GIVEN DATA:
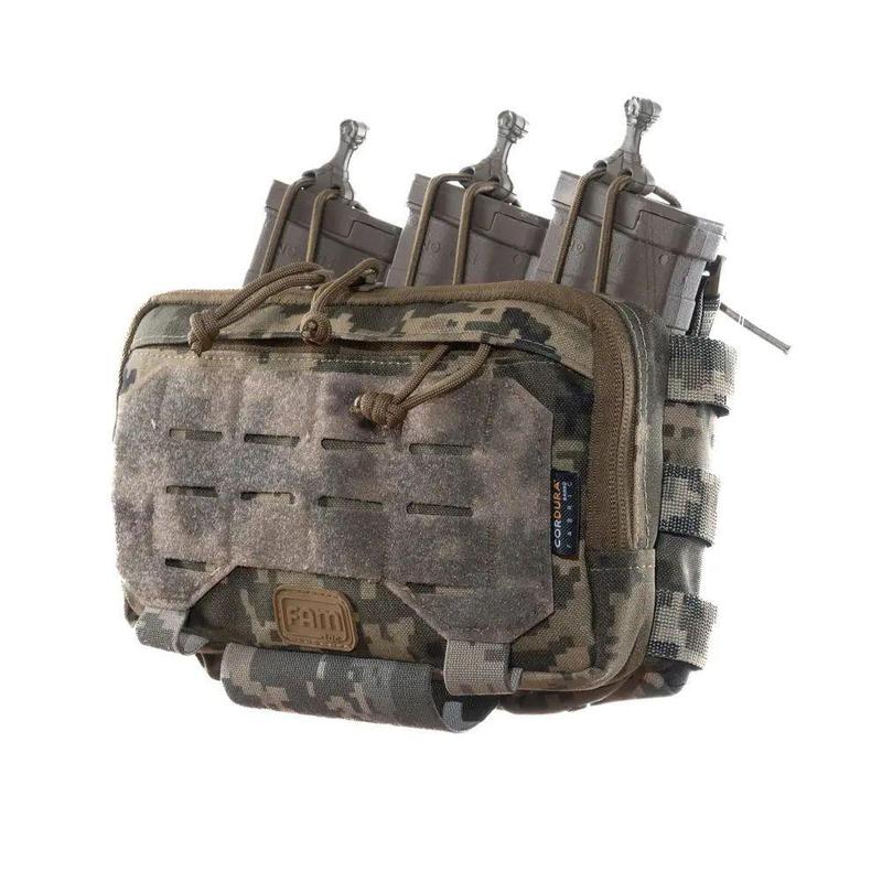 Внимание важна информация Крепится на плитоноску благодаря системи Velcro. Тройной итог под магазины АК/AR вместе с админ подсумком, разработана для максимального удобства. Сделан он из Cordura 1000d с IRR покрытием что делает его невыраженным в приборах ночного видения. Для размещения патчей и идентификаторов имеет Velcro панель. За надежность отвечает лучшая фурнитура от Woojin, YKK и MaxZIP. Крепится на плитоноску благодаря системи Velcro. Подсумок доступен в цвете мультикам. пиксель и койот. Характеристики Ткань Cordura 1000d с IRR пропиткой Стропа Полиамид 100% Молния Max Zip Бегунки Woojin Пластиковая фурнитура Woojin Велкро панель Так Крепление MOLLE Да Наличие скоросвала Нет
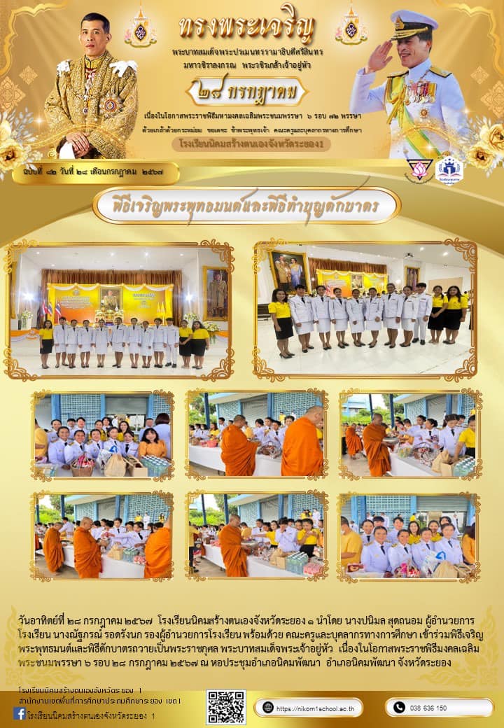 ร่วมพิธีเจริญพระพุทธมนต์และพิธีตักบาตรถวายเป็นพระราชกุศล พระบาทสมเด็จพระเจ้าอยู่หัว เนื่องในโอกาสพระราชพิธีมงคลเฉลิมพระชนมพรรษา 6 รอบ 28 กรกฎาคม 2567
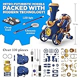 Build your own funky, steampunk-themed robots that use an ultrasonic atomizer to emit a safe, cool steam that mimics a real-life locomotive. Two robots to choose from: a rolling train or a walking robot; move a few pieces to go back and forth between each configuration quickly and with ease. An LED light illuminates the water vapor for a dazzling steam engine effect. Includes an electric motor, circuit board, and ultrasonic atomizer that helps teach kids about ultrasonic and sound waves as well as phases of matter. The 44-page, full-color manual includes a fun, comic-book-style story that adds to the play value of the kit and brings the models to life. A 2023 Vehicle of the Year Award Finalist, presented by The Toy Foundation Featured in Purdue University’s 2023 INSPIRE Engineering Gift Guide
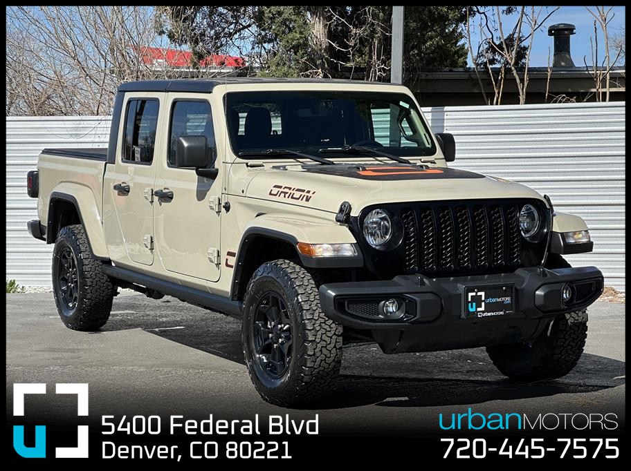 Discover the rugged capability and refined comfort of this 2022 Jeep Gladiator Willys Pickup, proudly offered by Urban Motors Blue in Denver, CO. With just 41,327 miles, this tan 4-door truck pairs a powerful 3.6L V6 VVT engine with an 8-speed automatic transmission and reliable 4WD, ready for any adventure or daily drive. Equipped with an 8.4" touchscreen featuring premium Alpine audio, navigation, and Bluetooth connectivity, every journey is enjoyable and connected. Stay comfortable year-round with heated seats and the Cold Weather Group, while convenience shines through keyless entry, push-button start, and dual-zone climate control. Safety and confidence come standard with 4-wheel ABS, electronic stability control, multiple airbags, backup camera, fog lights, and advanced traction and rollover mitigation systems. The rugged exterior is enhanced by premium alloy wheels, a bed liner, hard tonneau cover, and fixed running boards, plus a robust towing package perfect for weekend escapes. This Gladiator Willys blends Jeep’s legendary off-road DNA with modern technology and comfort—ideal for those who demand versatility and style. Don’t miss out on owning a standout pickup that delivers performance and premium features in one exceptional package. Visit Urban Motors Blue today and take this Jeep Gladiator Willys home!
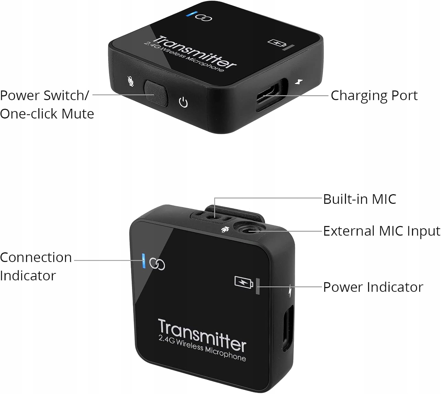 - 【Відмінна якість звуку】 Продукт призначений для професійної індустрії відео. Передавач має побудований мініатюрний мікрофон, високоондійний 360 °, висока чутливість та надвисокий звуковий прийом, непрохідна передача передачі звуку класу без затримок, забезпечуючи більш високу якість звуку.
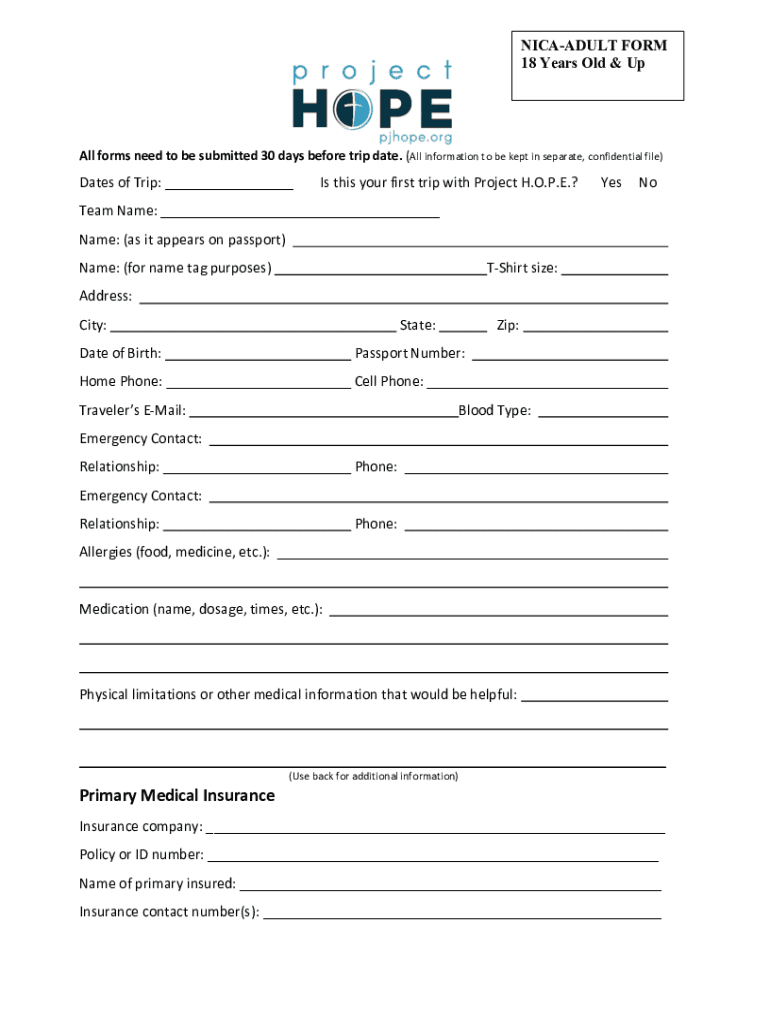 NICAADULT FORM 18 Years Old & Pall forms need to be submitted 30 days before trip date. (All information to be kept in separate, confidential file)Dates of Trip: Is this your first trip with Project
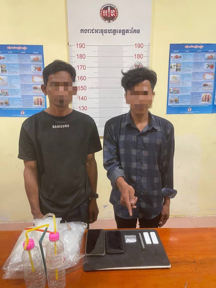 ក្នុងប្រតិបត្តិការបង្ក្រាប កម្លាំងជំនាញបានឃាត់ខ្លួនជនសង្ស័យឈ្មោះ ងន វណ្ណះ ភេទប្រុស អាយុ២០ឆ្នាំ ជនជាតិខ្មែរ មុខរបរមិនពិតប្រាកដ រស់នៅភូមិ ខ្លោងទ្វា ឃុំរនាម ស្រុកទ្រាំង ខេត្តតាកែវ។ និងឈ្មោះ ទុំ ចាន់ធី ភេទប្រុស អាយុ៤១ឆ្នាំ ជនជាតិខ្មែរ មុខរបរមិនពិតប្រាកដ រស់នៅភូមិ ខ្លោងទ្វា ឃុំរនាម ស្រុកទ្រាំង ខេត្តតាកែវ។

ABOUT THIS TASK: Print the data above exactly, minus pictures.

COMPLETED TASK:
 Внимание важна информация Крепится на плитоноску благодаря системи Velcro. Тройной итог под магазины АК/AR вместе с админ подсумком, разработана для максимального удобства. Сделан он из Cordura 1000d с IRR покрытием что делает его невыраженным в приборах ночного видения. Для размещения патчей и идентификаторов имеет Velcro панель. За надежность отвечает лучшая фурнитура от Woojin, YKK и MaxZIP. Крепится на плитоноску благодаря системи Velcro. Подсумок доступен в цвете мультикам. пиксель и койот. Характеристики Ткань Cordura 1000d с IRR пропиткой Стропа Полиамид 100% Молния Max Zip Бегунки Woojin Пластиковая фурнитура Woojin Велкро панель Так Крепление MOLLE Да Наличие скоросвала Нет
 ร่วมพิธีเจริญพระพุทธมนต์และพิธีตักบาตรถวายเป็นพระราชกุศล พระบาทสมเด็จพระเจ้าอยู่หัว เนื่องในโอกาสพระราชพิธีมงคลเฉลิมพระชนมพรรษา 6 รอบ 28 กรกฎาคม 2567
 Build your own funky, steampunk-themed robots that use an ultrasonic atomizer to emit a safe, cool steam that mimics a real-life locomotive. Two robots to choose from: a rolling train or a walking robot; move a few pieces to go back and forth between each configuration quickly and with ease. An LED light illuminates the water vapor for a dazzling steam engine effect. Includes an electric motor, circuit board, and ultrasonic atomizer that helps teach kids about ultrasonic and sound waves as well as phases of matter. The 44-page, full-color manual includes a fun, comic-book-style story that adds to the play value of the kit and brings the models to life. A 2023 Vehicle of the Year Award Finalist, presented by The Toy Foundation Featured in Purdue University’s 2023 INSPIRE Engineering Gift Guide
 Discover the rugged capability and refined comfort of this 2022 Jeep Gladiator Willys Pickup, proudly offered by Urban Motors Blue in Denver, CO. With just 41,327 miles, this tan 4-door truck pairs a powerful 3.6L V6 VVT engine with an 8-speed automatic transmission and reliable 4WD, ready for any adventure or daily drive. Equipped with an 8.4" touchscreen featuring premium Alpine audio, navigation, and Bluetooth connectivity, every journey is enjoyable and connected. Stay comfortable year-round with heated seats and the Cold Weather Group, while convenience shines through keyless entry, push-button start, and dual-zone climate control. Safety and confidence come standard with 4-wheel ABS, electronic stability control, multiple airbags, backup camera, fog lights, and advanced traction and rollover mitigation systems. The rugged exterior is enhanced by premium alloy wheels, a bed liner, hard tonneau cover, and fixed running boards, plus a robust towing package perfect for weekend escapes. This Gladiator Willys blends Jeep’s legendary off-road DNA with modern technology and comfort—ideal for those who demand versatility and style. Don’t miss out on owning a standout pickup that delivers performance and premium features in one exceptional package. Visit Urban Motors Blue today and take this Jeep Gladiator Willys home!
 - 【Відмінна якість звуку】 Продукт призначений для професійної індустрії відео. Передавач має побудований мініатюрний мікрофон, високоондійний 360 °, висока чутливість та надвисокий звуковий прийом, непрохідна передача передачі звуку класу без затримок, забезпечуючи більш високу якість звуку.
 NICAADULT FORM 18 Years Old & Pall forms need to be submitted 30 days before trip date. (All information to be kept in separate, confidential file)Dates of Trip: Is this your first trip with Project
 ក្នុងប្រតិបត្តិការបង្ក្រាប កម្លាំងជំនាញបានឃាត់ខ្លួនជនសង្ស័យឈ្មោះ ងន វណ្ណះ ភេទប្រុស អាយុ២០ឆ្នាំ ជនជាតិខ្មែរ មុខរបរមិនពិតប្រាកដ រស់នៅភូមិ ខ្លោងទ្វា ឃុំរនាម ស្រុកទ្រាំង ខេត្តតាកែវ។ និងឈ្មោះ ទុំ ចាន់ធី ភេទប្រុស អាយុ៤១ឆ្នាំ ជនជាតិខ្មែរ មុខរបរមិនពិតប្រាកដ រស់នៅភូមិ ខ្លោងទ្វា ឃុំរនាម ស្រុកទ្រាំង ខេត្តតាកែវ។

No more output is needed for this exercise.